2. **Stage 2 (Screening):** Packages are subjected to X-ray screening or detonation mitigation procedures (e.g., in a protective safe or remotely located blast containment unit).
3. **Stage 3 (Internal Transit):** Only cleared items are transported to internal processing areas using secure, non-public routes.
## Compliance Alignment
While the OSCE guide compiles best practices across its members, the structured approach aligns well with foundational security management standards:
- **ISO 27001/27002:** For establishing, implementing, maintaining, and continually improving the Information Security Management System (ISMS), specifically around physical and environmental security controls (A.11).
- **NIST SP 800-53 (AC/PE Controls):** The layered defense and access control recommendations map directly to various Physical and Environmental Protection (PE) controls.
- **General Risk Management Frameworks (e.g., NIST RMF):** The emphasis on a "nuanced assessment of extant threats and risks" as the central driver for response aligns with established risk management cycles.
## Common Pitfalls to Avoid
- **Incomplete Threat Modeling:** Basing security measures on outdated threat intelligence or failing to account for symbolic value, propaganda potential, or CBRN threats.

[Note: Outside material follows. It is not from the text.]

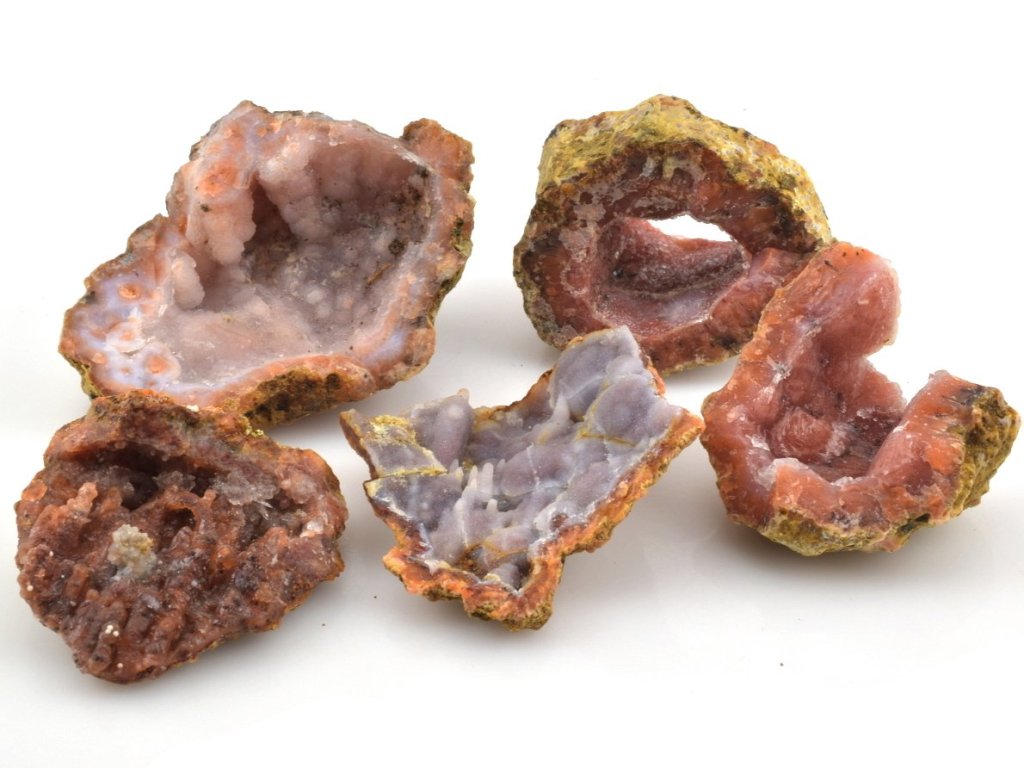 Zbarvení těchto achátových geod je pro tuto oblast velmi charakteristické – typický je růžový vnější okraj a načervenalé až hnědočervené odstíny způsobené přítomností hematitu. Vnější lem dutin bývá často tvořen růžovým opálem a na chalcedonu uvnitř se místy vykrystalizují jemné krystaly křišťálu. Vyskytují se zde také typické chalcedonové růže v růžových, načervenalých, fialových i šedobílých odstínech.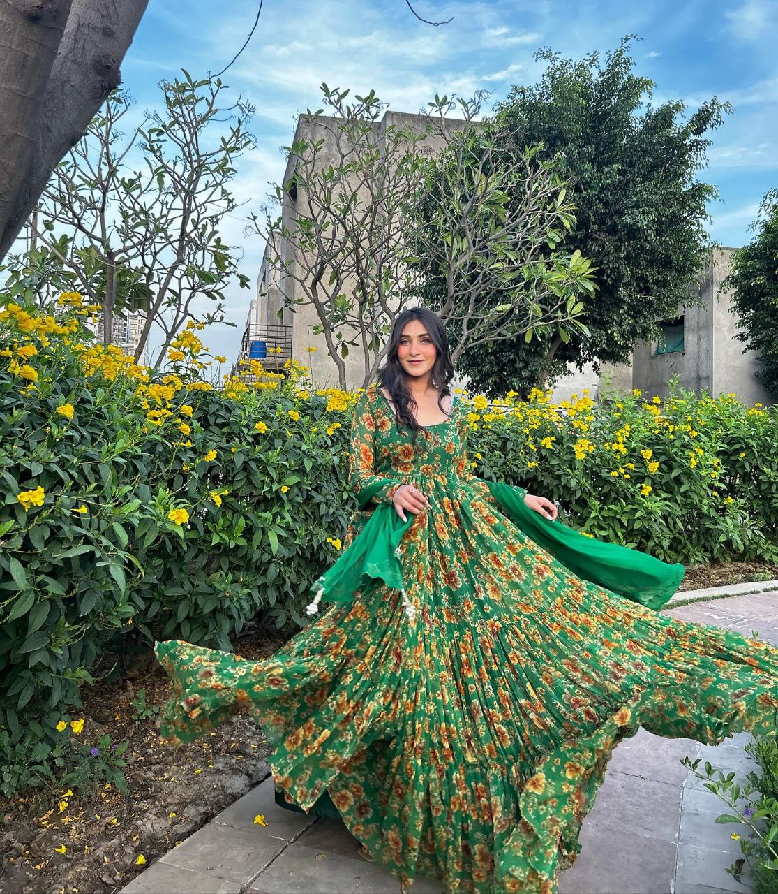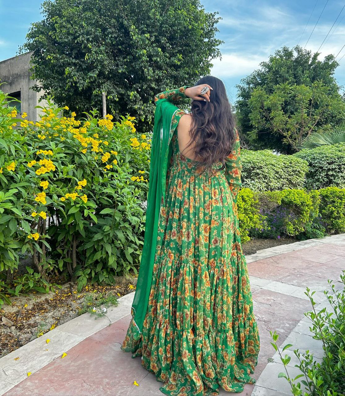 - Anarkali Gown - Digital printed pure Georgette silk Anarkali suit of huge flair 🌸

- **Ignoring Cyber-Physical Linkages:** Focusing strictly on physical barriers while neglecting the operational technology (OT) systems that physical attacks often seek to disable or exploit.
- **Procedural Drift:** Implementing strong physical measures but failing to ensure personnel are routinely trained and procedural measures are regularly tested (i.e., security theater without follow-through).
- **Poor Mailroom Design:** Allowing mailrooms to be located centrally or integrated deeply within the facility without proper blast mitigation or remote screening capabilities.
## Resources
- **Primary Document:** Technical Guide on Physical Security Considerations for Protecting Critical Infrastructure against Terrorist Attacks (Available via OSCE Publications).
- **Supporting Concepts:** Principles of Defense in Depth, Layered Security Architectures.
- **Framework Principles:** Information Security Management System (ISMS) structure for governance.